I'll give it a go.  I have tried some other system testing tools, but not that particular one.  And yes this system does run hot (more correctly I push it very hard).

> Unless you move your profile to a completely separate system (not even the hard
> disk should be the same) and are able to reproduce the problem, I do not think
> we can begin to consider that Thunderbird is involved in the problem.
I'll try this.  However, when writing for a large number of platforms (such as you do) we don't always get the good fortune to have a system where bugs in hardware and drivers stay well hidden.  I hope I've been sufficiently clear that Thunderbird is definitely *involved* in the problem.  However, I agree that TB is not the ultimate cause.

> This is fundamentally a support issue and I see that this already is a
> getsatisfaction issue which is the proper venue.  As such, I am marking this
> bug invalid.
I would have thought that "WorksForMe" was the more correct answer ;-)
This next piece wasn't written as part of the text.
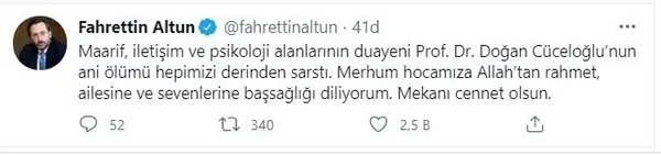 İletişim Başkanı Fahrettin Altun da, Doğan Cüceloğlu için Twitter hesabından bir mesaj yayımladı. Altun mesajında şunları ifade etti:

> Having said that, support/QA peeps, while your efforts to support system
> crashes are noble and to be commended, it is probably not an efficient use of
> time.  I would suggest that we have a page on our SUMO instance that points
> people at tools like memtest+ and some burn-in tests or other resources they
> can use to attempt to diagnose their hardware problems.  I would otherwise
> limit support/QA focus to analyzing patterns if large numbers of BSODs are
> reported with some obvious correlation.  Ideally there would be so many people
> with the problem that they can even find out what they have in common without
> much hand-holding.  Only once it's clear there's some underlying issue that
> affects a lot of users and that there is some mitigation Thunderbird can
> document/alert the user to their system problems/work around them should a bug
> get filed.
Unfortunately if I'm at the extreme end of Thunderbird users then there's never going to be "a lot of users" with such a problem - My circumstances would represent a valuable test case though (boundary condition).  Having said that I'll still run the hardware tests (and others) to eliminate what hardware issues that I can.
I do have a background in programming (if you count 20+ years), and especially with systems that must work with large volumes of data.  With having watched this fault many times over now, I am left with the distinct impression that Thunderbird is "not playing nicely with the others" and that this is the contributing factor that pushes my laptop over the edge into BSOD.  It 'fits the pattern'.

Comment 13

9 years ago
(In reply to comment #12)
> > This is fundamentally a support issue and I see that this already is a
> > getsatisfaction issue which is the proper venue.  As such, I am marking this
> > bug invalid.
> I would have thought that "WorksForMe" was the more correct answer ;-)

WorksForMe implies/means the issue was related to something previously wrong in thunderbird, i.e. the problem has gone away or is not reproducible.

Comment 14

9 years ago
BSOD's aren't are fault <period>. If you want to chase your problem, you should follow these instructions from microsoft to enable saving a memory.dmp:

http://support.microsoft.com/kb/235496

You can then use windbg (file>open crash report) after your system blue-screen's:
https://developer.mozilla.org/en/How_to_get_a_stacktrace_with_WinDbg

If you need further assistance with your crash, you can ask for help from our support team:
http://support.mozilla.com/chat

please understand that our bug tracker is not the correct destination for BSODs, and as such, you will not receive a warm welcome. I'm sorry if you feel you were mistreated.